I guess by now you are probably wondering how and why you can and should avoid over training!? To simplify things a little, you need to take control of your life and have a clear understanding of your actions and decisions. The more control you have over these then the more you can implement the necessary changes to avoid overtraining. Some like to keep a log or diary, I prefer to develop a routine that fits around daily life. That way its easy to memorise and becomes second nature after a while. It is then simply a process of elimination because if I feel I am overtraining, I simply eliminate any negativity or stress indicators that may be causing the overtraining or fatigue. For example, if on a Wednesday I have a late night which leads to me feeling exhausted all day on Thursday, I will simply miss training and train on Friday instead because I wouldn’t want to lower the intensity of my workout by 40% just because I feel tired and lathargic.
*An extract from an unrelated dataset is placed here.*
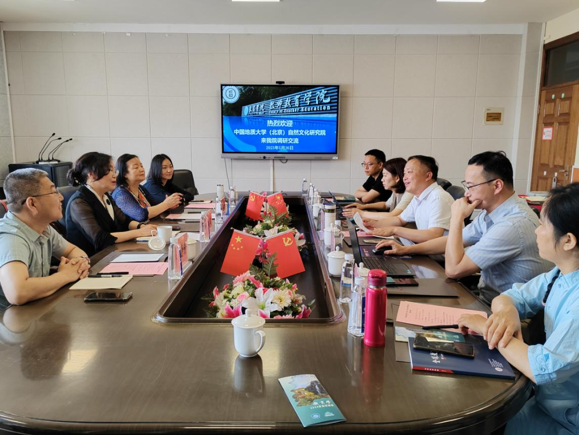 5月26日下午,中国地质大学(北京)自然文化研究院副院长刘晓鸿一行四人来访交流。学院副院长叶新东、王志强,党委副书记彭小媚,相关老师参加座谈交流会。

You should always remember that you are most vulnerable when you create a weak environment / state of mind so by eliminating this risk factor and resting, you assist your body in making the necessary changes to function at optimim level again. Always try to recognise the warning signs of overtraining, its important to objectively measure your training routine and make adjustments before you wind up sick or injured.